Knowledge of soil fertility as it relates to Lawn diseases can help guide an individual in deciding how to manage a lawn. A tall fescue lawn can receive two or three fertilizer applications throughout the fall and perhaps receive no additional fertilizer in the spring to reduce the potential for brown patch. Like tall fescue, Kentucky bluegrass can receive fall fertilization but can also receive fertilizer in the spring to help keep dollar spot from infecting the bluegrass.

To minimize the potential for disease, supply enough nitrogen that proper mowing is required on a weekly basis. Sometimes a light application of nitrogen will produce enough active leaf growth that disease symptoms are no longer visible.

Mowing

Lawn plants mowed shorter than their optimal height of cut are, in general, more susceptible to diseases. Optimal cutting heights for cool-season grasses range from 2.5 to 4.0 inches, depending on the species. Warm-season grasses can range between 1 and 2 inches.

Seasonal variation in mowing height was once thought to be highly beneficial and is still considered beneficial by some. We know that mowing cool-season grasses a little taller in the summer months can have benefits through summer stress periods (deeper roots, better cooling effect). We also know that cool-season grasses mowed a little taller in the spring and fall compete more successfully against weeds. Therefore, select the tallest, acceptable mowing height for your species of grass and maintain that height during the entire season. This provides benefits throughout the season — competition against weeds as well as reduced summer stress.

Frequency of cut should be determined by the "one-third rule" of mowing. You should make sure that no more than one-third of the leaf growth is removed during a single mowing.

Mowing creates wounds through which fungi can enter the plant and infect it. Leaf cuts made by a sharp mower blade are cleaner and heal faster than the tearing and shredding caused by a dull mower blade. A dull mower blade inflicts more and bigger wounds that increase potential for infection by Lawn diseases.

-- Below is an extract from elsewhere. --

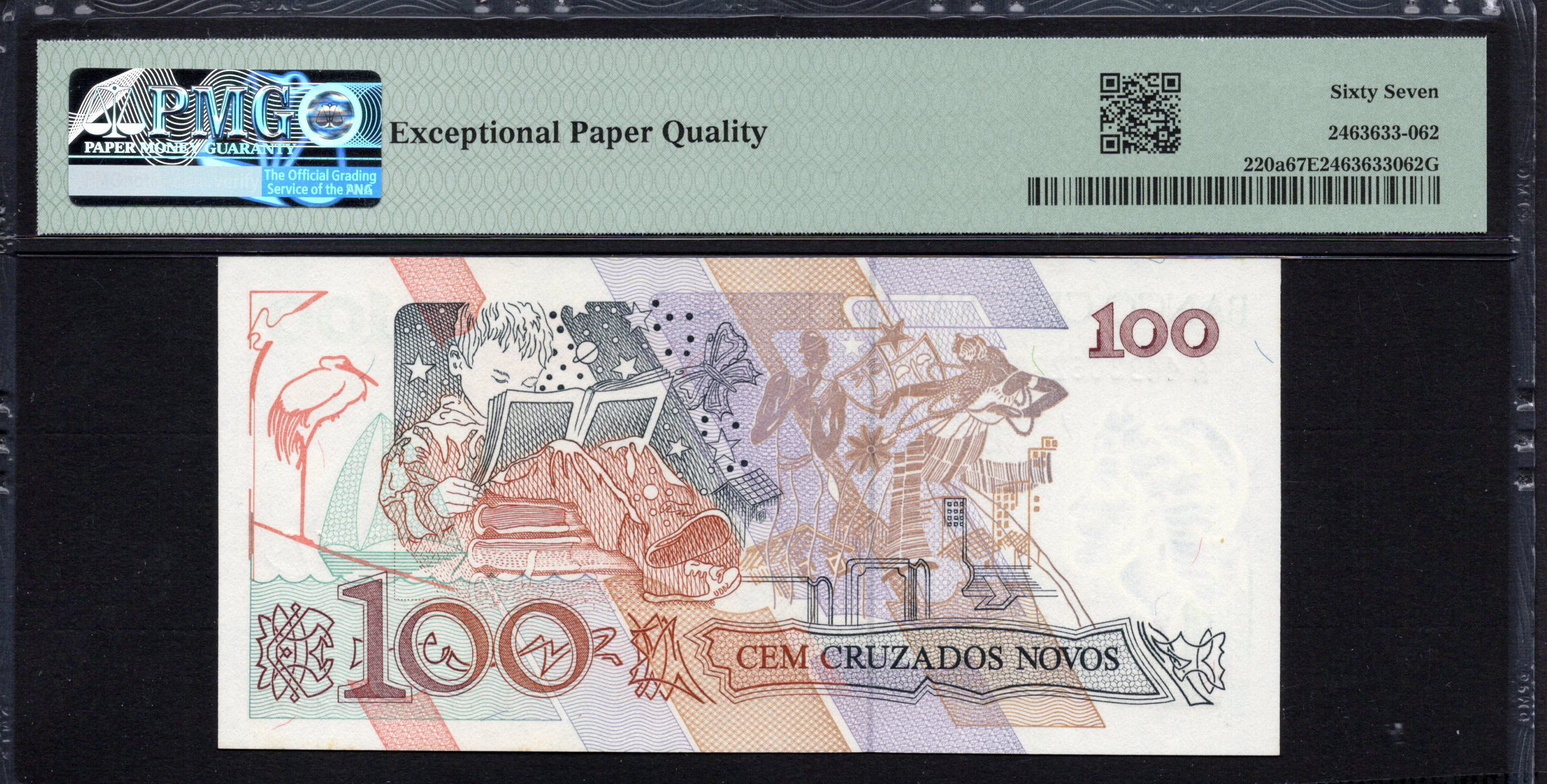 De voorkant van het 100 Cruzeiros Novos bankbiljet wordt gedomineerd door het portret van een vrouwelijke figuur die Vrijheid vertegenwoordigt. De achtergrond is versierd met levende kleuren zoals groen, oranje en paars, wat een visueel aantrekkelijk contrast creëert. Decoratieve elementen verweven met bloemmotieven benadrukken de verbinding met de natuur. Veiligheidskenmerken zoals microtekst en watermerken zijn zichtbaar en waarborgen de authenticiteit van het bankbiljet. De vetgedrukte '100' die prominent is gedrukt, onderstreept de waarde en verbetert de algehele samenstelling.

Observe leaf tips or grass clippings collected on your mower deck immediately after a mowing to determine the quality of cut. Use this as an indicator of when to sharpen blades.

Thatch control

Essentially all Lawn diseases are reduced by good thatch control.

Thatch is a layer of dead and living plant material located between the soil surface and green turf canopy. It is excellent habitat for active and dormant stages of disease-causing organisms. When environmental conditions are optimum, fungi can rapidly grow and infect living turf tissue.

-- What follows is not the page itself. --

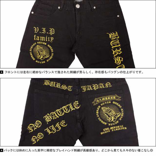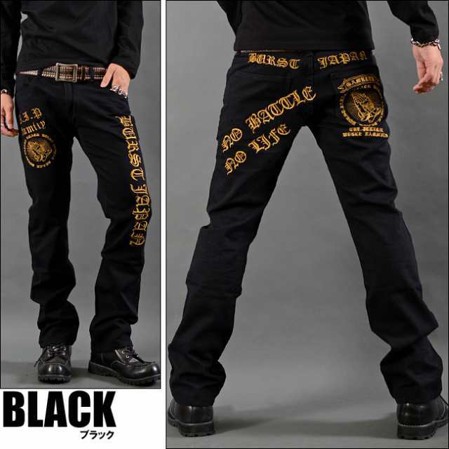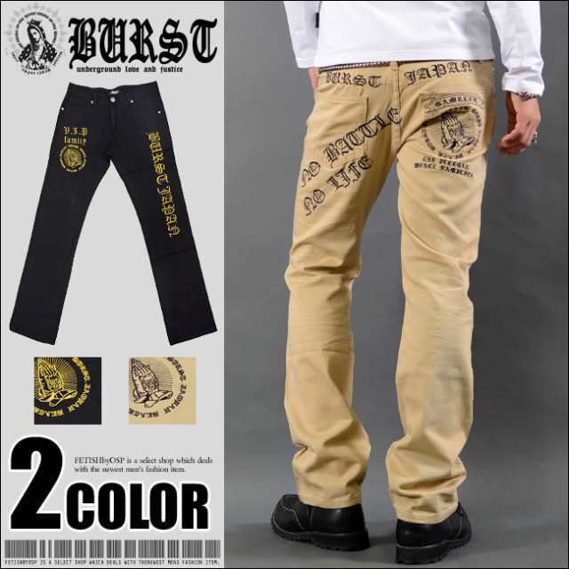 【閉店セール】BURST JAPAN ブランドロゴ バックプレイハンド刺繍 ダミーポケット チノパンツ BUJ-0032 新品 ブラック M

Remove excess thatch when turf is actively growing to promote quicker recovery from power-raking or verticutting. Remove thatch in the spring before application of crabgrass preventer, or in the fall for cool-season grasses and midsummer for warm-season grasses.

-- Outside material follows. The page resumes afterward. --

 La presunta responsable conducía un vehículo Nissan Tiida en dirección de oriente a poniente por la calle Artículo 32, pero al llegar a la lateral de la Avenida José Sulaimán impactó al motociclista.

Core aerification (removing soil plugs) is a slower process of thatch control but will cause less direct stress on the turf. Breaking up soil plugs and filtering soil into the turf canopy allows soil microbes to breakdown dead organic matter in the thatch layer.

Remove excess thatch when it accumulates to a half inch or more in taller-mowed turf (1.5 to 4 inches) and one-quarter inch in lower-mowed turf (less than 1.5 inches).

Soil aeration and drainage

A good exchange of air between the soil and atmosphere is necessary for vigorous Lawn growth. Turf areas that stay constantly wet because of poor soil conditions are prime targets for water-favoring, soil-borne diseases such as Pythium blight and brown patch. Surface contouring and subsurface drainage can be costly but permanent solutions to wet soils.

Core aerification and slicing are turf management practices that can be repeated during the season to temporarily increase air exchange and soil drying.

You can also increase light penetration and air movement by selectively pruning your trees and shrubs. This will speed the drying of poorly drained areas and also reduce the humidity in localized turf areas.